Extract only the lines running from the top of the entries to the line that holds "Ulice mesta zavlažuje". Include that line and omit the pictures.

- DATA SHOWN -
>>>

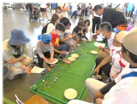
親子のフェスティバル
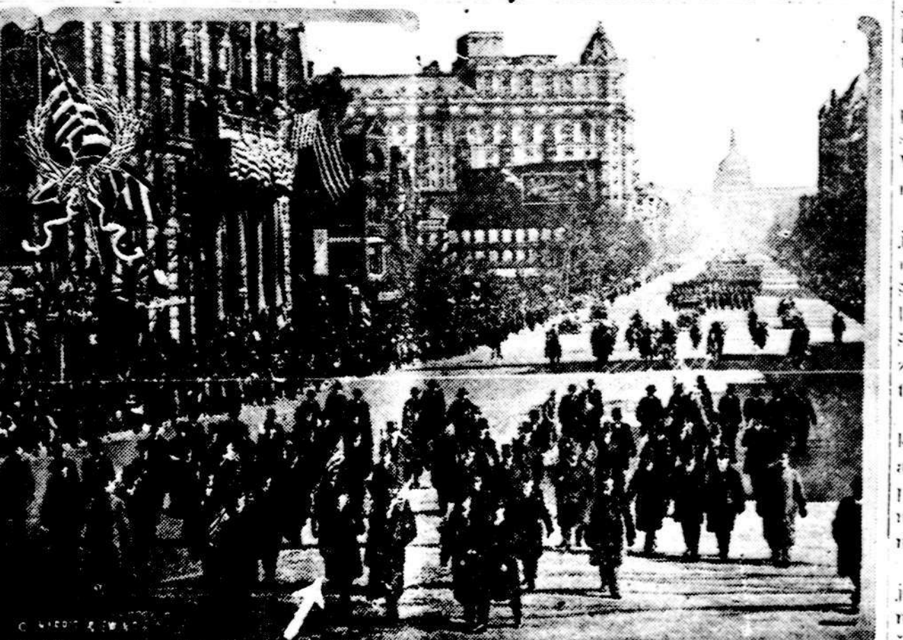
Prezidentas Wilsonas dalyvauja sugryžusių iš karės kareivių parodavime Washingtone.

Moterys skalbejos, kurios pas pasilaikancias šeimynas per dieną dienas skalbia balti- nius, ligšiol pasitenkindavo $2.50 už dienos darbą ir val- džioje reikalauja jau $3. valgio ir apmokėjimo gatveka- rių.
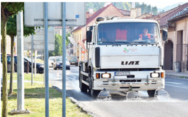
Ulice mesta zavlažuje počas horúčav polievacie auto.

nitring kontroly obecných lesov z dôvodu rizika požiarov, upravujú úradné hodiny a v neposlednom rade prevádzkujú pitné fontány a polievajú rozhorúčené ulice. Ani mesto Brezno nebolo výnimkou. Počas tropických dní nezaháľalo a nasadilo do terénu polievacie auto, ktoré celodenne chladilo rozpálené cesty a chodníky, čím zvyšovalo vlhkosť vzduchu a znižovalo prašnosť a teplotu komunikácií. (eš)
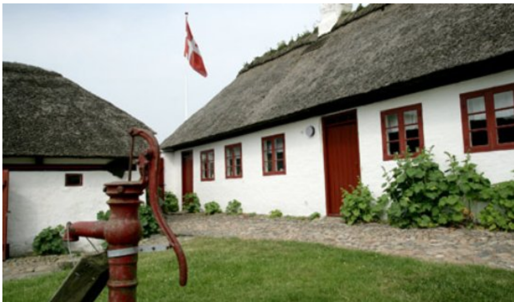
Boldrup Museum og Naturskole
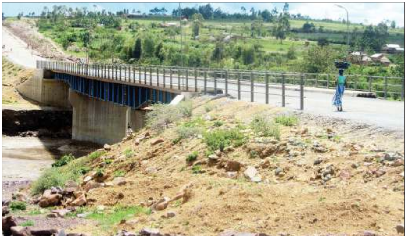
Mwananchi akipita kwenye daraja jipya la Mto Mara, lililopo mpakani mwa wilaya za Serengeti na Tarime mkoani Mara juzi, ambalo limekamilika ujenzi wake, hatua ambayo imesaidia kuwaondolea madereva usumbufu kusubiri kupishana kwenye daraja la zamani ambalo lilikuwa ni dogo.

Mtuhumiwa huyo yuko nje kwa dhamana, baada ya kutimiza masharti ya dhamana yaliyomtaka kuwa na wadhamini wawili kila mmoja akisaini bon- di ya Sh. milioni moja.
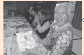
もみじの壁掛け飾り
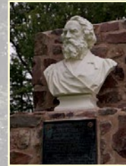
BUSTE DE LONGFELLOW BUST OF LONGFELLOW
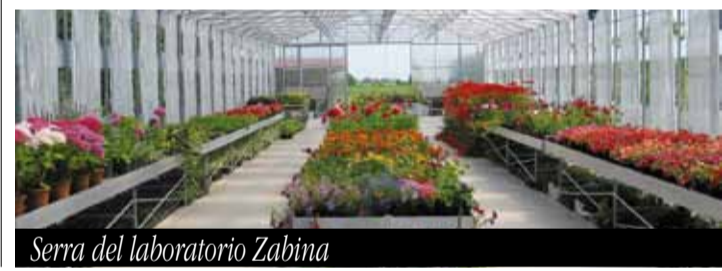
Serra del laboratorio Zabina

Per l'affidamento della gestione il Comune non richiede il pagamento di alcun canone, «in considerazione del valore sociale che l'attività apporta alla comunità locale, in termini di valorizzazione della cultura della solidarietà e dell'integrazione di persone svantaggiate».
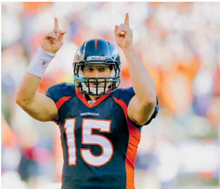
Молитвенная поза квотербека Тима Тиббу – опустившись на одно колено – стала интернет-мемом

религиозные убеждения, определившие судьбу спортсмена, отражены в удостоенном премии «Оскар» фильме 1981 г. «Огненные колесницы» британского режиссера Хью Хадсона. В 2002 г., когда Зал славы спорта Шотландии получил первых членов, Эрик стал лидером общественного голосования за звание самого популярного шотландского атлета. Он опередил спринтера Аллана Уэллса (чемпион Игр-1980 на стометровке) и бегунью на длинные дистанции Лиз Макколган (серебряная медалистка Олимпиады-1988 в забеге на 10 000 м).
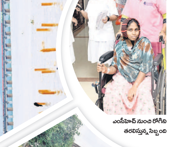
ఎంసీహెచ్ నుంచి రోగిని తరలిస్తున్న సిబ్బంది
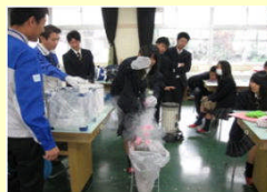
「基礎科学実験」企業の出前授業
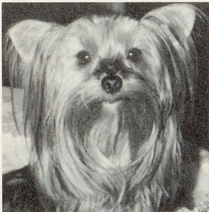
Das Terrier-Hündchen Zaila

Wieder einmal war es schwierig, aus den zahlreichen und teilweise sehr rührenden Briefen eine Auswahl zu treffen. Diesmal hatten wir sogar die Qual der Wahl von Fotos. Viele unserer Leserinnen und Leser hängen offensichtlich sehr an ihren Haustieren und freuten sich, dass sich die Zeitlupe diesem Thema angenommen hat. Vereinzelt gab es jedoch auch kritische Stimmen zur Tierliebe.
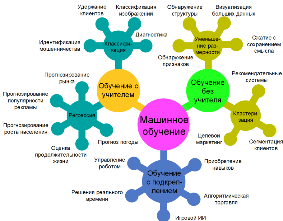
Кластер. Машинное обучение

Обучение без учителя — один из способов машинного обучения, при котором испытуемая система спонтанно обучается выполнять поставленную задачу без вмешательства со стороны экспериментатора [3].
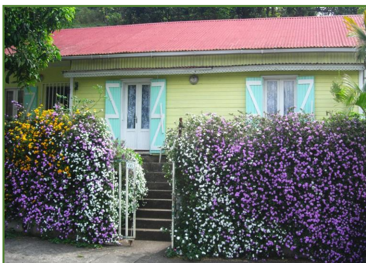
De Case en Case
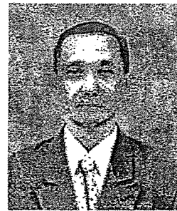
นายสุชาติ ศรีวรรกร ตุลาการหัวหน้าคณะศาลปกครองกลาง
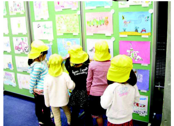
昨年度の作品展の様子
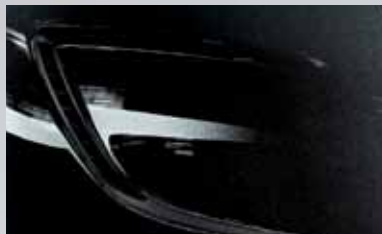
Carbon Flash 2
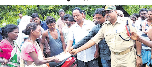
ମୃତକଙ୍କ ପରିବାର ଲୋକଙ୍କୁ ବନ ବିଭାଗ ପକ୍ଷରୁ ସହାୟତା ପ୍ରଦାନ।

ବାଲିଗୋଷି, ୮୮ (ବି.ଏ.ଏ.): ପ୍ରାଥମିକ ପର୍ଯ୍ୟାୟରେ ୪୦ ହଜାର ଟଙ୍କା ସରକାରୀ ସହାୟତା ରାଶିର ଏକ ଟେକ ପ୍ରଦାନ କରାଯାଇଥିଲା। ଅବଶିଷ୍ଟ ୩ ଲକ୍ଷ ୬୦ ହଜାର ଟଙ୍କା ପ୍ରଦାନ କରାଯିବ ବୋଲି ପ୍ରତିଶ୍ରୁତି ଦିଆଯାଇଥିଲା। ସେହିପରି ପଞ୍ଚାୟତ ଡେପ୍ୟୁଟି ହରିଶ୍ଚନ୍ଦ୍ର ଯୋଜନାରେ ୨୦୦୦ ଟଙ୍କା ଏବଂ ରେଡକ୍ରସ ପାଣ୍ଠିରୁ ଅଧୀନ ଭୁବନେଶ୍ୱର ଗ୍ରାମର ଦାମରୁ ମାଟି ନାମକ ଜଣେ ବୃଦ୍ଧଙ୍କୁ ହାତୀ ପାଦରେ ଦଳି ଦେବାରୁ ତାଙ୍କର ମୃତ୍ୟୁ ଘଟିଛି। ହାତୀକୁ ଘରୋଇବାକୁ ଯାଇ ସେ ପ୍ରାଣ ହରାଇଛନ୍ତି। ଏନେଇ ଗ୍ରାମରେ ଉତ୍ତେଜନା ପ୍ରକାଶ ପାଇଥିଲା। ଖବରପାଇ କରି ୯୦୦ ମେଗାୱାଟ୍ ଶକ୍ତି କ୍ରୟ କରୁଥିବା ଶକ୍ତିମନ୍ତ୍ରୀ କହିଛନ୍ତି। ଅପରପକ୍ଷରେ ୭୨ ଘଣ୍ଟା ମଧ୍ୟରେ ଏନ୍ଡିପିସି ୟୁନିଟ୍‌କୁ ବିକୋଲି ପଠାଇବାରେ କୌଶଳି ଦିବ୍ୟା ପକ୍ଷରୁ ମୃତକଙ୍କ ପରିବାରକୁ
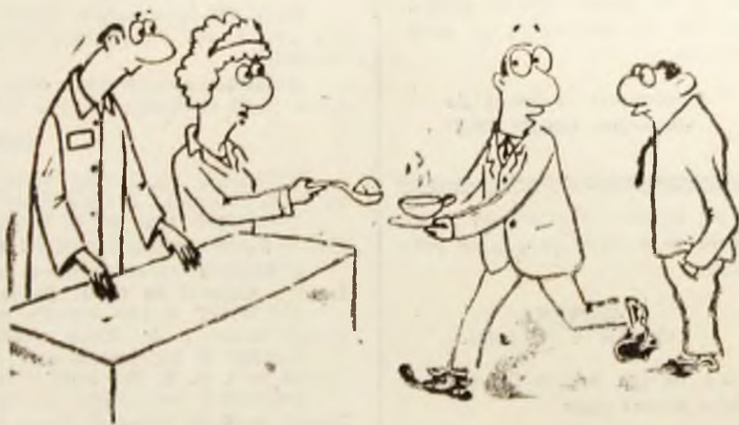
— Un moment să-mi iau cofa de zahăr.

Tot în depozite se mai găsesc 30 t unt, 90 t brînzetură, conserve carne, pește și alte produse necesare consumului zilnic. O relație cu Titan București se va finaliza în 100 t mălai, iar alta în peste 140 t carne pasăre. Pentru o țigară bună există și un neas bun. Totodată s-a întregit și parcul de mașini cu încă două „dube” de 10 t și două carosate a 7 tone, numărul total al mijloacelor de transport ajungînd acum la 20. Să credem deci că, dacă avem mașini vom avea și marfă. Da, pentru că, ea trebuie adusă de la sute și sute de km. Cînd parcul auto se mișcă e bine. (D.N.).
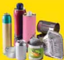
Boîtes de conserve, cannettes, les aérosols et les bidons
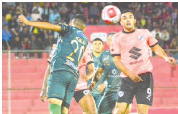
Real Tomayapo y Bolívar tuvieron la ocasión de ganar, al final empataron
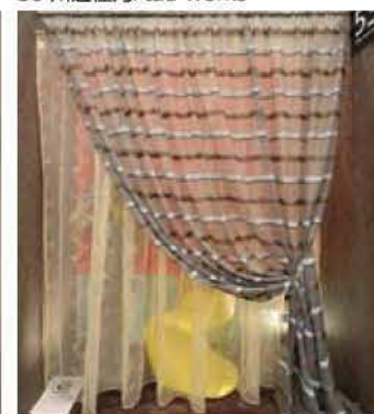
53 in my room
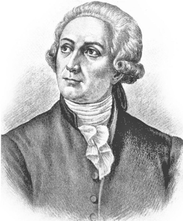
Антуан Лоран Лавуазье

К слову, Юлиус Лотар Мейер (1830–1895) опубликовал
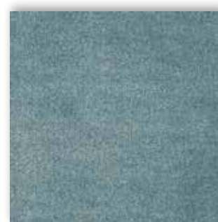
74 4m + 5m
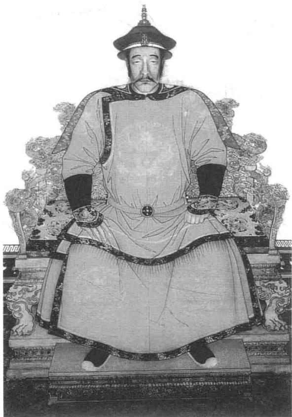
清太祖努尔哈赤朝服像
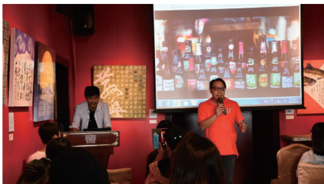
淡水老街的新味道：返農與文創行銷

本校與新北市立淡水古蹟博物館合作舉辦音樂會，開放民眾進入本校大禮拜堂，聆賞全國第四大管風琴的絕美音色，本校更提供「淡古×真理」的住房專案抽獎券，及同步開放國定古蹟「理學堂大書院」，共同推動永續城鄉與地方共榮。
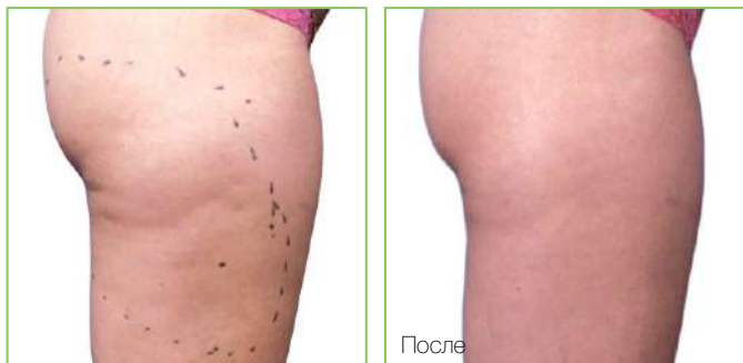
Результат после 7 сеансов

<<<

- RESPONSE BELOW -
親子のフェスティバル
Prezidentas Wilsonas dalyvauja sugryžusių iš karės kareivių parodavime Washingtone.

Moterys skalbejos, kurios pas pasilaikancias šeimynas per dieną dienas skalbia balti- nius, ligšiol pasitenkindavo $2.50 už dienos darbą ir val- džioje reikalauja jau $3. valgio ir apmokėjimo gatveka- rių.
Ulice mesta zavlažuje počas horúčav polievacie auto.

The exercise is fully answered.